# ACTION ITEM:
Your job is to set down the stretch of entries that opens with the line containing "The artist’s confident" and closes with the line containing "When it's cool, flip". Keep both end lines, copy each exactly, and add nothing.

--- PROVIDED DATA Enclosed Below ---

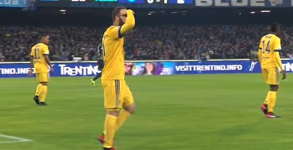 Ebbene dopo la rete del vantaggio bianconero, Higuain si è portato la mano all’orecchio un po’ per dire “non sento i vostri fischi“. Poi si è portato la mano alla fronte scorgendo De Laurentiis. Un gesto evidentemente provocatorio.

--- End of Enclosed PROVIDED DATA ---
--- PROVIDED DATA Enclosed Below ---

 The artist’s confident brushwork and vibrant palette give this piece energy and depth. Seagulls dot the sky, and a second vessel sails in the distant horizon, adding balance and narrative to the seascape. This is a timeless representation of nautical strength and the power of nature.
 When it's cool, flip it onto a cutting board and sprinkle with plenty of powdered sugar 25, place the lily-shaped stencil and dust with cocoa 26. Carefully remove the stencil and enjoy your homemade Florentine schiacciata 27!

--- End of Enclosed PROVIDED DATA ---

# ANSWER AREA:
 The artist’s confident brushwork and vibrant palette give this piece energy and depth. Seagulls dot the sky, and a second vessel sails in the distant horizon, adding balance and narrative to the seascape. This is a timeless representation of nautical strength and the power of nature.
 When it's cool, flip it onto a cutting board and sprinkle with plenty of powdered sugar 25, place the lily-shaped stencil and dust with cocoa 26. Carefully remove the stencil and enjoy your homemade Florentine schiacciata 27!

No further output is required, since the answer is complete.